Bringing Newton’s Second Law of Motion into the Motion Control World.
For any linear motion control application, the solution to the problem requires at a minimum three points of data:
- How far do I need to move?
- How heavy is the payload?
- How fast do I need to get there?
These three points of data can be fed into Newton’s Second Law of Motion stating that the amount of acceleration is dependent upon the force acting on it and the object’s mass.
$$acceleration=\frac{force}{mass}$$
The equation above is the basic building block of all motion profile acceleration calculations. You can utilize this equation to determine the maximum theoretical accelerations possible by any motor or actuator if you know the mass of the moving object, and the amount of force the motor generates. There are several opposing forces that affect the maximum acceleration such as friction, drag, and hysteresis. Factoring in the losses, the maximum continuous accelerations that can be achieved through direct drive linear motion are between 5-10 G’s for closed loop position control applications and 10-20 G’s for open loop sinusoidally oscillating applications.
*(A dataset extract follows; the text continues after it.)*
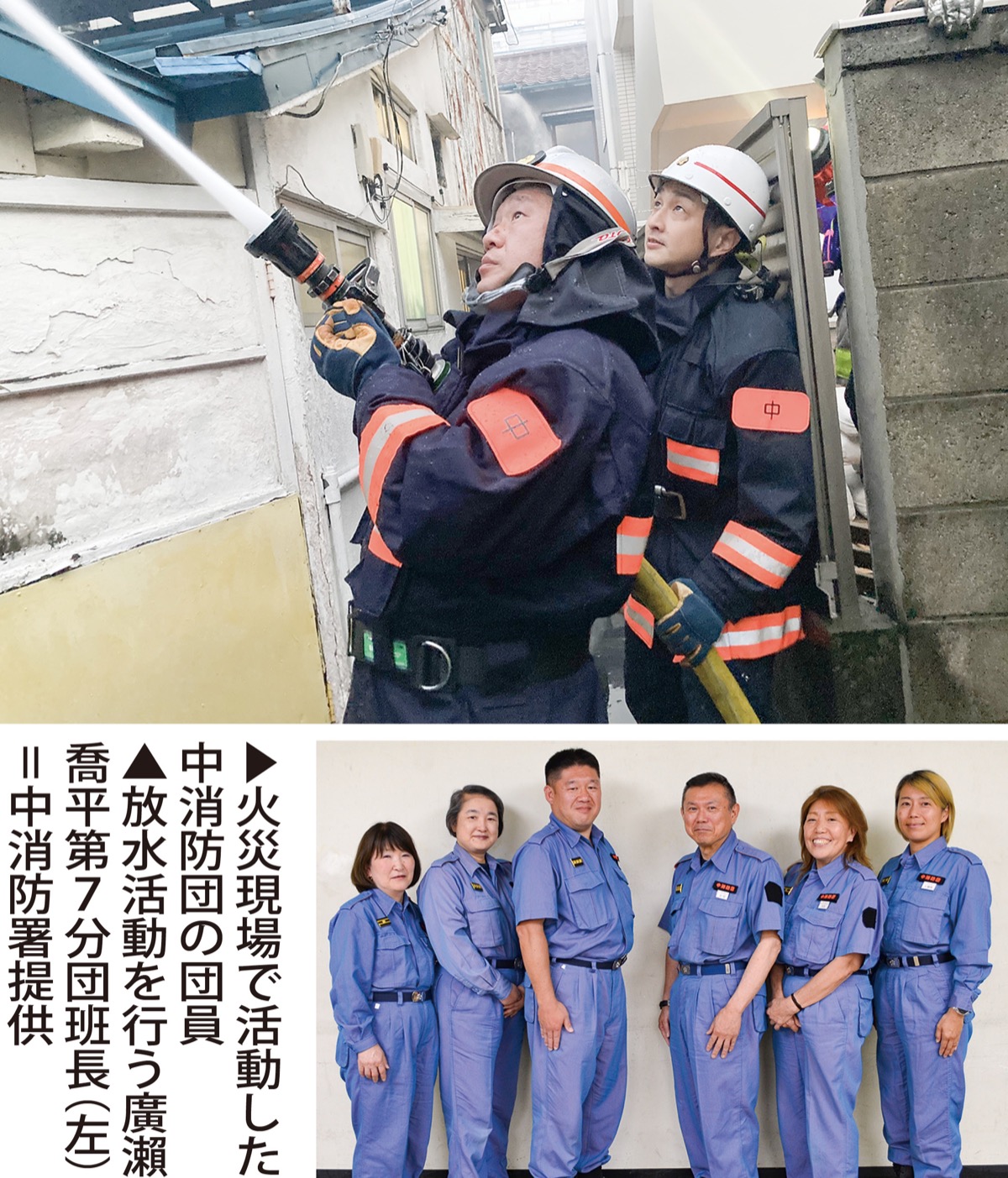 消防団員は非常勤特別職の地方公務員で、普段は別の仕事や家業を持ちながら地域で発生した災害などに対応する。現在、中消防団には約430人が所属し充足率は約90%だ。
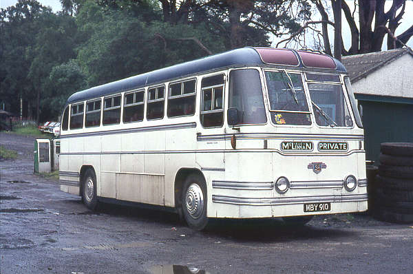 MBY910 had been new to Homeland Tours, Croydon in June 1954, one of two Leyland PSUC1/2 Tiger Cubs with Strachans Everest C41C bodies. It passed to Bourne & Balmer, Croydon when the Homeland business was aquired in April 1955 and to Timpson, London S.E.6 in April 1960 when the Bourne & Balmer business was acquired. Timpson withdrew it in October 1964 and it passed to Horlock, Northfleet in June 1965 before reaching McLennan in February 1966. It was seen at McLennan's garage at Spittalfield.

While there are an infinite number of motion profiles, there are three profiles that define acceleration best for most linear motion applications.
- triangular
- sinusoidal
- trapezoidal
The triangular motion profile, also known as a saw tooth profile, is the simplest as it assumes constant acceleration and deceleration through the motion profile. This model is best to understand the basic requirements in your motion profile. Below you can find the equation for calculating the acceleration with a triangular motion profile.
$$acceleration\;in\;G's=\frac{4\times displacement}{(time\:to\:complete travel)^2\times acceleration\:due\:to\:gravity}$$
example
To get the acceleration necessary to move one inch in 0.050 seconds, you plug this into the equation above to get the following:
$$4.15\:G's=\frac{4\times1\:inch}{(0.050\:seconds)^2 \times386\frac{inches}{seconds^2}}$$
A trapezoidal motion profile is derived from the triangular profile, as it assumes a constant acceleration until a desired velocity is achieved, and then maintains a constant velocity for a time. In this case, you will need to know two of three variables: Time to reach the target constant velocity, the targeted constant velocity, or distance available to reach the targeted constant velocity. The basic trapezoidal profile can be seen below.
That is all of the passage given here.